So, coming back to the beginning of this post. HCI is not only about scaling just to support Big Data workloads, it’s also about creating lower time to value and radical ease of use synergies with the application that sits on top of the stack. Having a HCI platform designed from the ground up with the same underlying principles as modern Web-Scale applications, means we are able to remove the operational delays and complexity that tend to act as drag anchors in today’s rapid deployment environments. IT departments are then free to focus on innovations that help the business succeed.
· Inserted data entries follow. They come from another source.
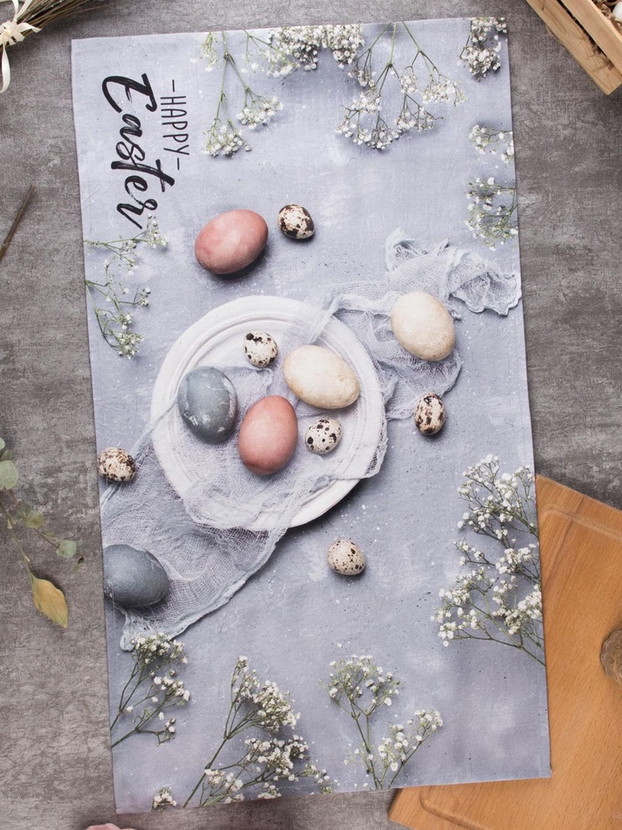 Это пасхальное полотенце из хлопка станет тёплым и душевным дополнением к празднику. Его сдержанный серый цвет и лаконичный дизайн создают атмосферу уюта и спокойствия, напоминая о самом светлом дне весны. Плотная саржевая ткань приятна на ощупь и надёжна в использовании изо дня в день.
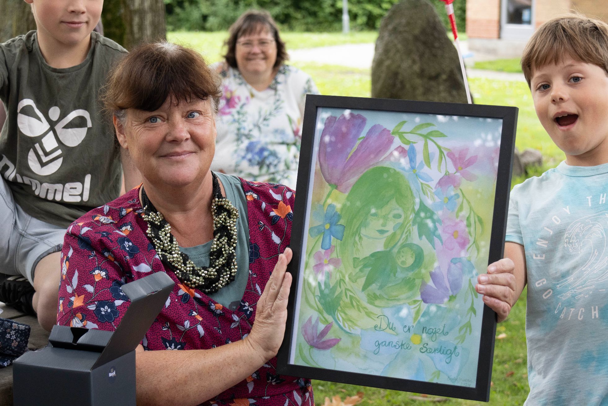 Der var 9 gaver til Karin i forbindelse med Jette Blåbjergs tale, og den ene af dem var meget personlig: Et billede med påskriften: Du er noget helt særligt! Foto: Jim Hoff
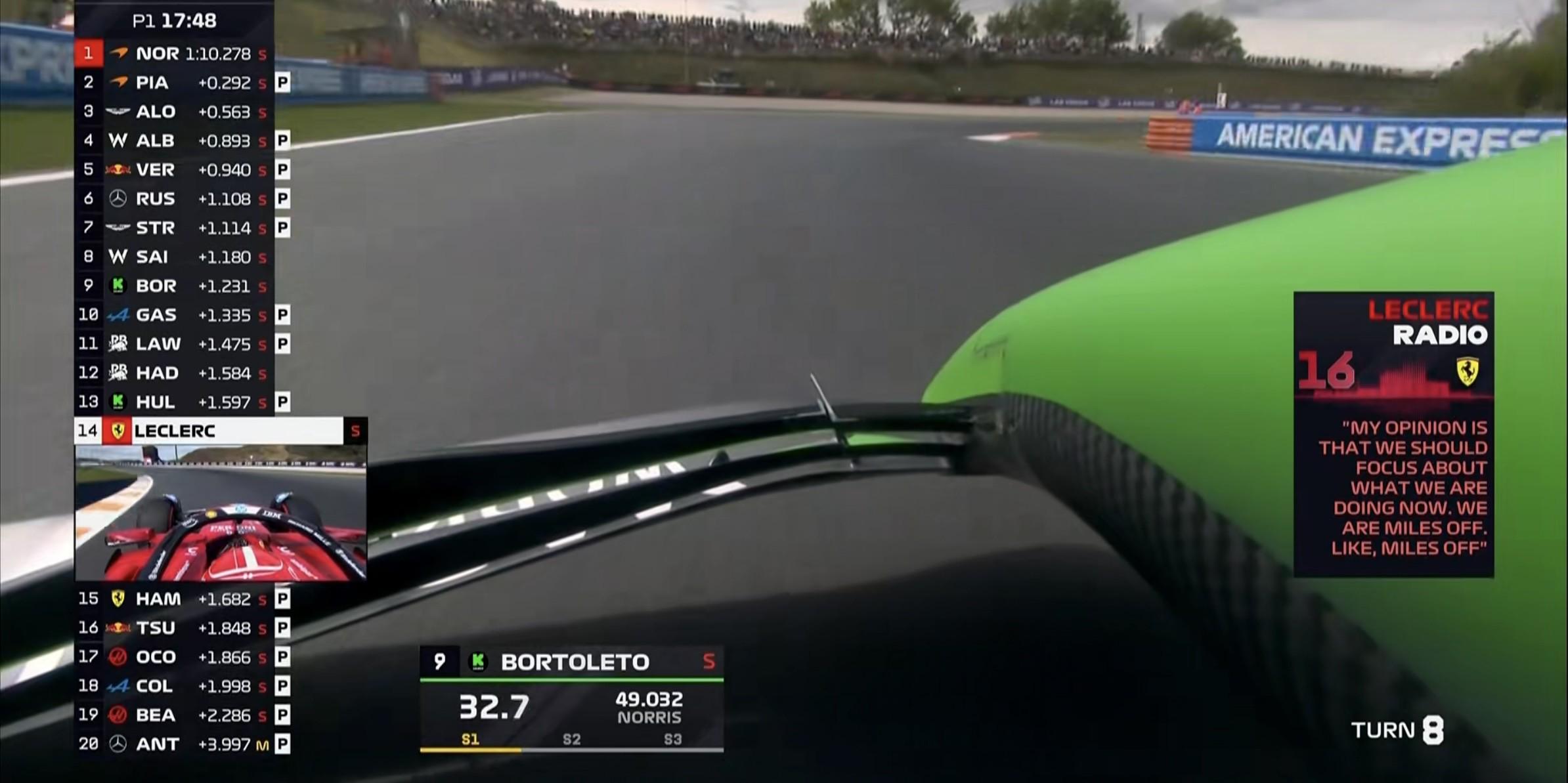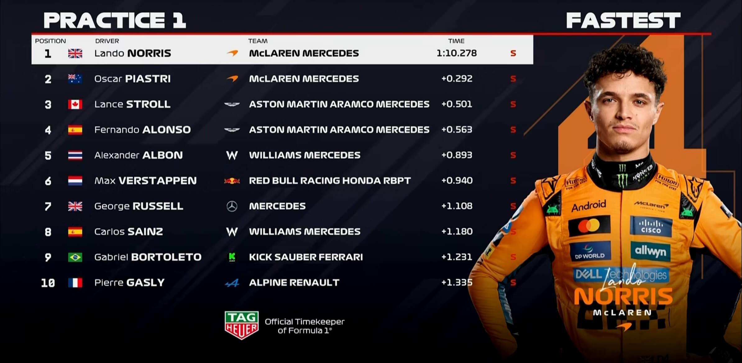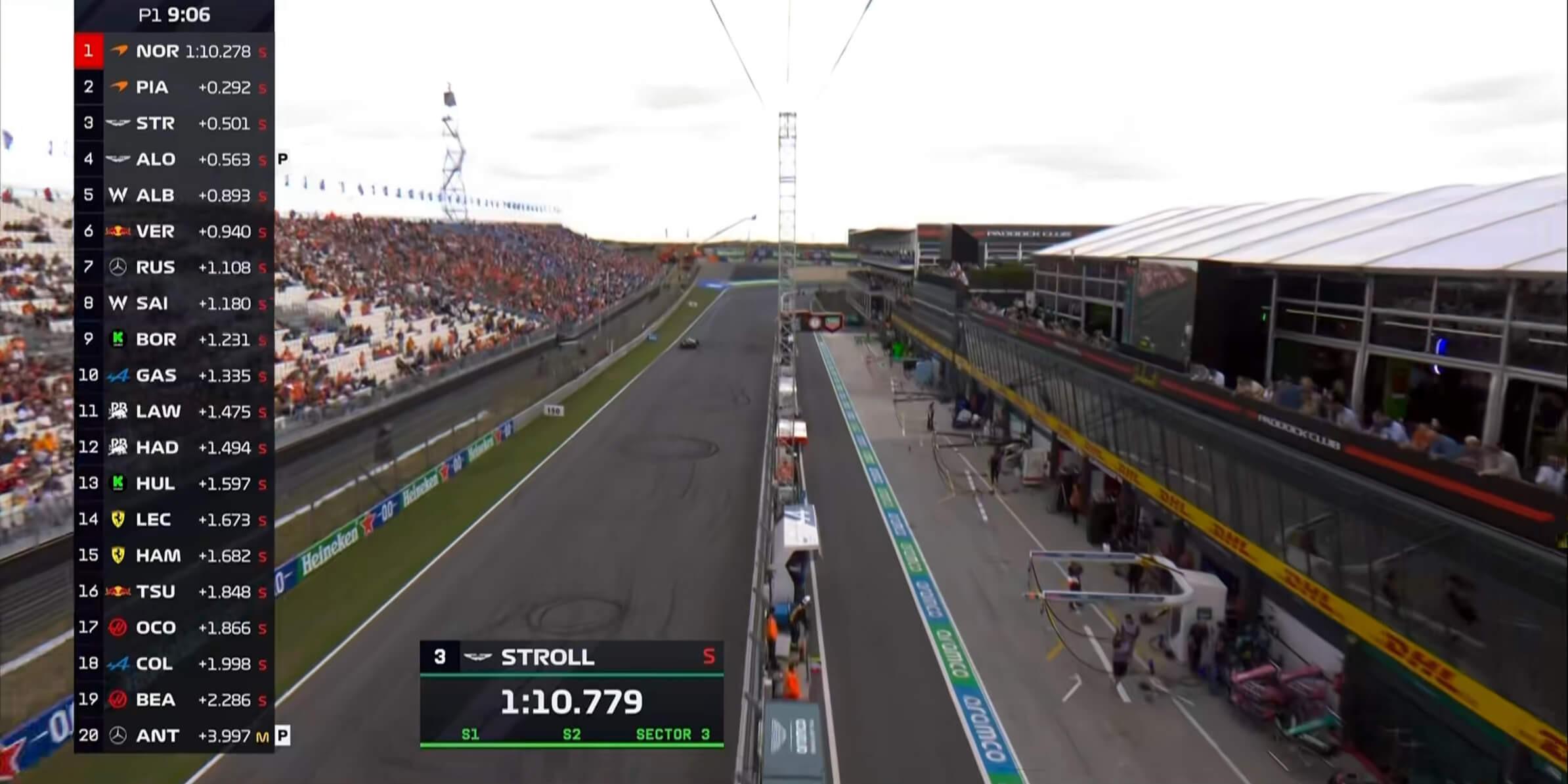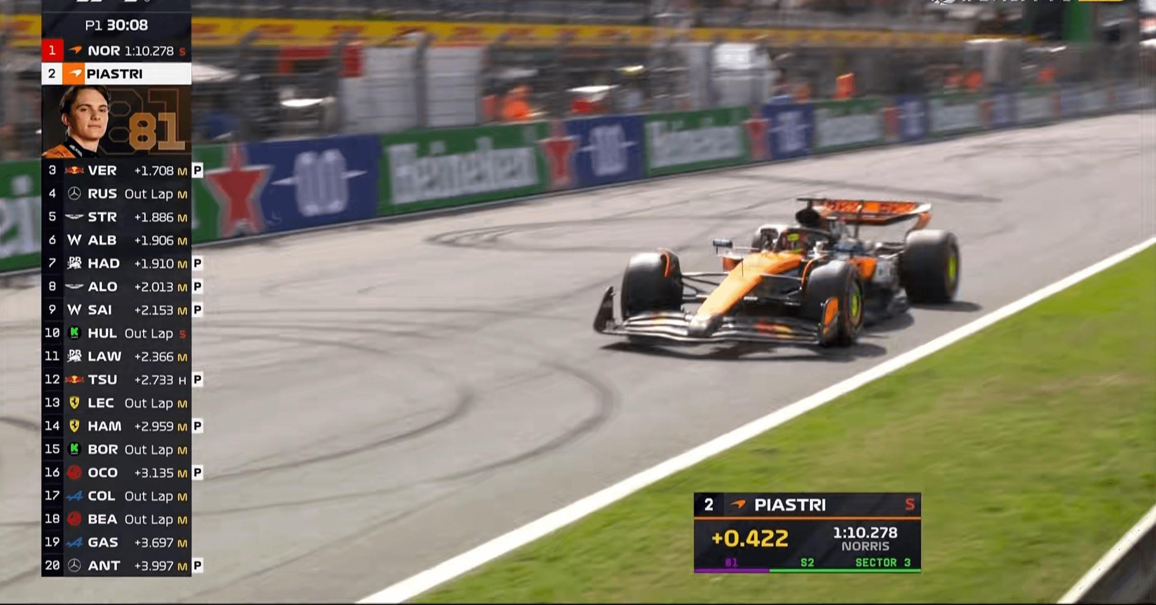 米乐-F1荷兰站一练:迈凯伦领跑,斯特罗尔第3,法拉利第14&第15
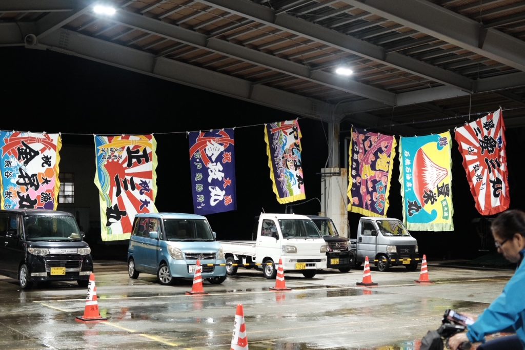 翌朝はまだ薄暗いうちから漁港へ。海風の中、漁師さんたちが干鯛を積み込む様子がとても神聖。
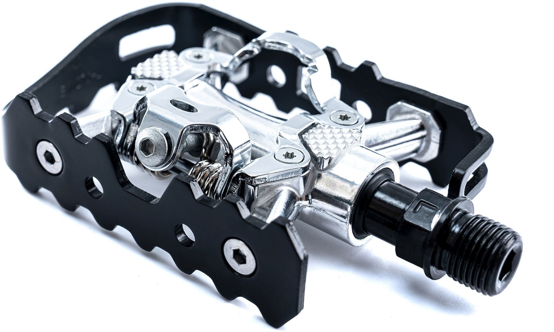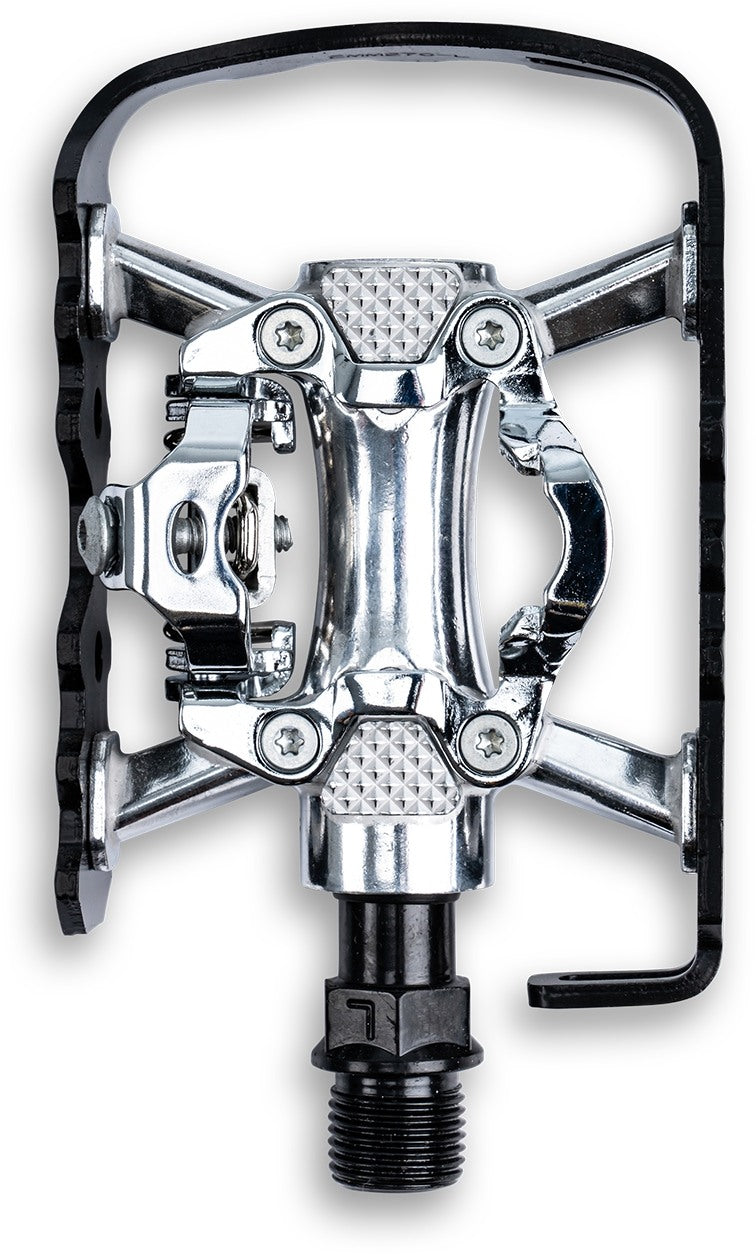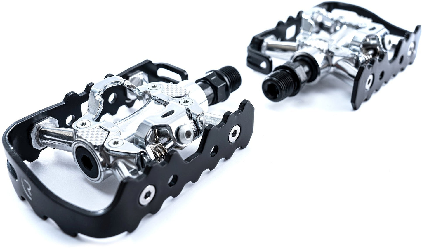 These 2in1 pedals are SPD compatible and are installed onto a CrMo axle. The pedals are equipped with high-quality bearings.
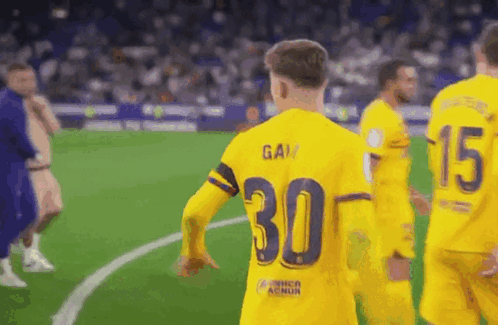 Gavi, wearing his number 30 FC Barcelona jersey, shares a warm embrace with teammate Frenkie De Jong on the soccer field.
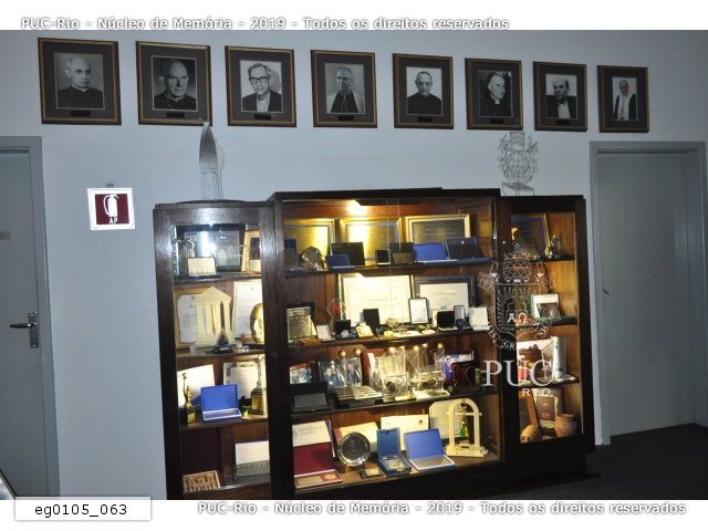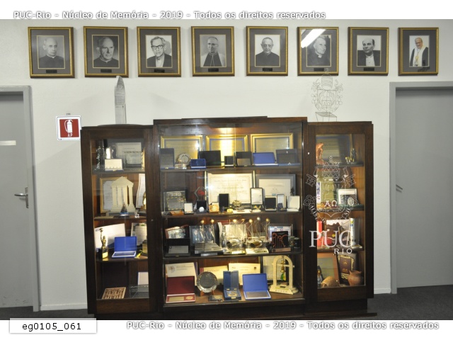 Sala de entrada da reitoria com armários com flâmulas, medalhas, placas, esculturas, diplomas, pratos brasonados, memorabílias e prêmios recebidos de instituições de ensino superior e empresas ou confeccionados pela PUC-Rio. Na parede, quadros com fotografias dos reitores da PUC-Rio. |
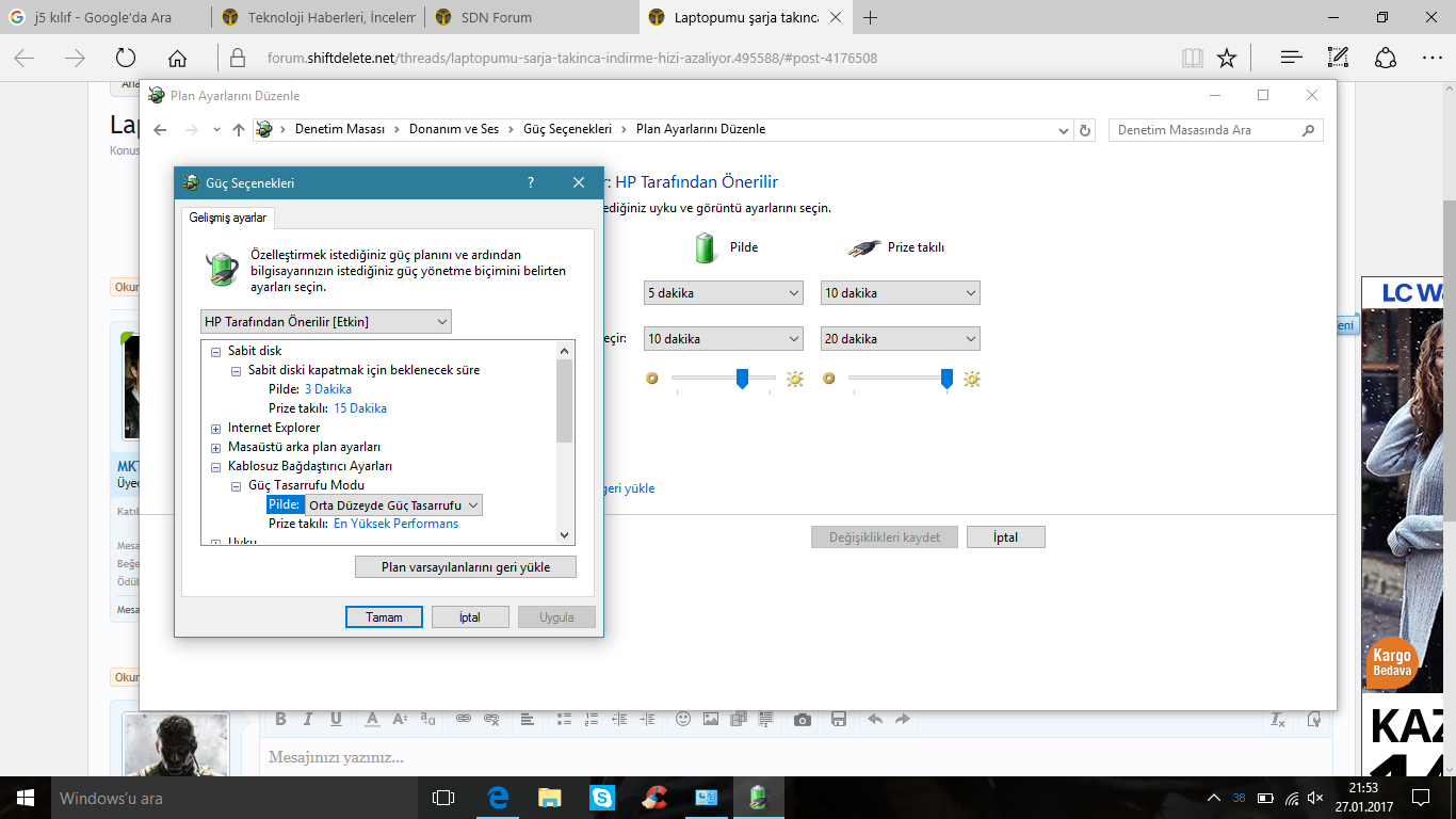 Laptopumu şarja takınca indirme hızı azalıyor

Configuring Docker Storage on Nutanix

I have recently been looking at how best to deploy a container ecosystem on my Nutanix XCP environment. At present I can run a number of containers in a virtual machine (VM). This will give me the required networking, persistent storage and the ability to migrate between hosts. Something that containers are only just becoming capable of in many cases. So that I can scale out my container deployment within my Docker host VM, I am going to have to consider increasing  the available space within /var/lib/docker. By default, if you provide no additional storage/disk for your Docker install, loopback files get created to store your containers/images. This configuration is not particularly performant, so it’s not supported for production.  You can see below how the default setup looks…

# docker info
Containers: 0
Images: 0
Storage Driver: devicemapper
 Pool Name: docker-253:1-33883287-pool
 Pool Blocksize: 65.54 kB
 Backing Filesystem: xfs
 Data file: /dev/loop0
 Metadata file: /dev/loop1
 Data Space Used: 1.821 GB
 Data Space Total: 107.4 GB
 Data Space Available: 50.2 GB
 Metadata Space Used: 1.479 MB
 Metadata Space Total: 2.147 GB
 Metadata Space Available: 2.146 GB
 Udev Sync Supported: true
 Deferred Removal Enabled: false
 Data loop file: /var/lib/docker/devicemapper/devicemapper/data
 Metadata loop file: /var/lib/docker/devicemapper/devicemapper/metadata
 Library Version: 1.02.93 (2015-01-30)
Execution Driver: native-0.2
Logging Driver: json-file
Kernel Version: 4.2.5-201.fc22.x86_64
Operating System: Fedora 22 (Twenty Two)
CPUs: 1
Total Memory: 993.5 MiB
Name: docker-client
ID: VHCA:JO3X:IRF5:44RG:CFZ6:WETN:YBJ2:6IL5:BNDT:FK32:KH6E:UZED

Configuring Docker Storage Options

Looking at the various methods we can use to provide dedicated block storage for Docker containers. With the Devicemapper storage driver Docker automatically creates a base thin device, this is two block devices, one for data and one for metadata. The thin device is automatically formatted with an empty filesystem on creation. This device is the base of all docker images and containers. All base images are snapshots of this device and those images are then in turn used as snapshots for other images and eventually containers. This is the Docker supported production setup. Also, by using LVM based devices as the underlying storage you are then accessing them as raw devices and no longer go through the VFS layer.

Devicemapper : direct-lvm

To begin, create two LVM devices, one for container data and another to hold metadata. By default the loopback method creates a storage pool with 100GB of space. In this example I am creating a 200G LVM volume for data and a 5G metadata volume. I prefer separate volumes where possible for performance reasons. We start by hot-adding the required Nutanix vDisks to the virtual machine (docker-directlvm) guest OS (Fedora22)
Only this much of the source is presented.